Когда он отвечает, я объясняю ситуацию. Проходит пятнадцать минут, прежде чем за ней приезжает машина. За это время Черри рассказывает мне о своей семье. О младшей сестре, которая больна раком, и о ее бедной матери-одиночке. Она работает на этой работе, чтобы оплачивать медицинские счета, но признается, что не знает, стоит ли оно того, если ее убьют и дополнительный доход прекратится.
Ей больше никогда не придется беспокоиться о том, чтобы заботиться о них. Или быть убитой из-за разбитого стекла.
Джей просматривает запись с камеры и направляет меня к выходу через заднюю дверь, чтобы меня не обнаружили.
Я хватаю ее за запястье, прежде чем она выходит за дверь. Неприметный черный седан ждет в десяти футах от нас, и дверь уже открыта для нее.
— Я знаю, — тихо говорит она. — Я не знаю твоего лица. Я никогда не видела тебя раньше, — догадывается она.
Я качаю головой.
— Черри, ты не поедешь туда, где тебя будут расспрашивать о чем-то подобном. О тебе и твоей семье позаботятся, и ты будешь в безопасности. Я обещаю. Все, о чем я прошу, это чтобы ты сделала что-то значимое в своей жизни. Вот и все.
Одна слезинка скатилась с ее глаза. Она поспешно вытирает ее и кивает. Ее светлые глаза сияют надеждой, и я делаю это дерьмо, вовлекая себя в худшие стороны человечества — все это стоит того, когда на меня так смотрит выжившая.
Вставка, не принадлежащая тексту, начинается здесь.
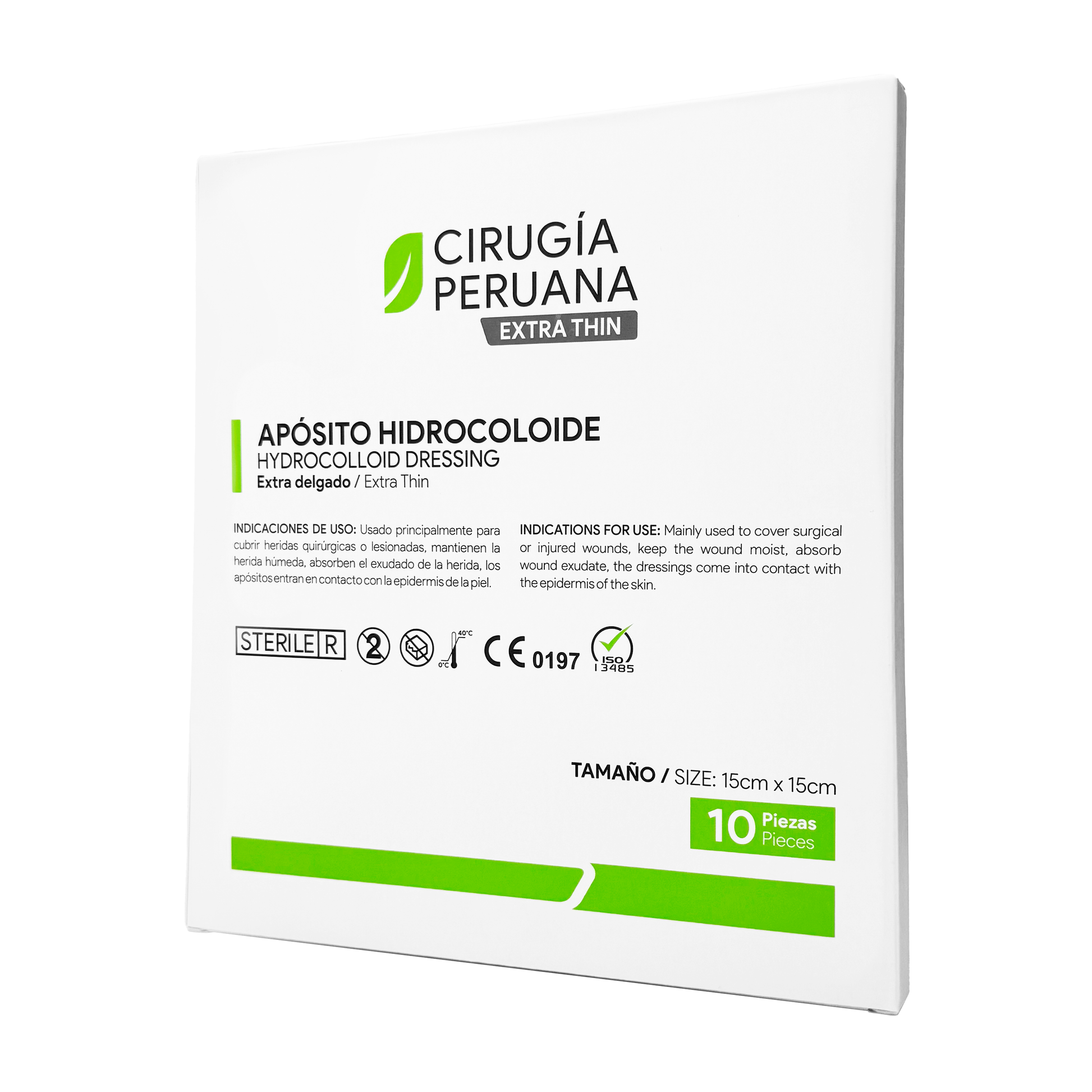 Apósito hidrocoloide, extradelgado, con esquinas redondeadas, plano absorbente y autoadhesivo, exento de partículas extrañas, constituido por una película externa de poliuretano y la capa interna de carboximetilcelulosa, gelatina (de origen porcino), pectina y adhesivo termofusible médico, que producen un ambiente húmedo ideal en el techo de la herida, controlan el exudado, favorecen su cicatrización y producen una barrera para los microorganismos externos.

Не так, как будто я герой, а так, как будто они действительно могут представить себе будущее.
Она, спотыкаясь, идет к машине, а я возвращаюсь в дом, стараясь, чтобы меня никто не заметил.
— Джей, убери камеры, — говорю я, вытаскивая наушник и засовывая его обратно в потайной карман.
Камеры будут разделены. Если кто-нибудь просмотрит их, то увидит, как я затаскиваю в комнату удрученную Черри, и мы выходим по отдельности.
Это одна из моих специальностей, которую я освоил, а затем обучил Джея. Брать части записи с камеры и манипулировать ими, чтобы они выглядели именно так, как ты хочешь, и даже самые лучшие хакеры не смогли бы обнаружить манипуляции.
Я ломаю шею и готовлюсь к очень долгой ночи, в течение которой я буду стрелять в дерьмо и стану лучшим другом гребаного педофила.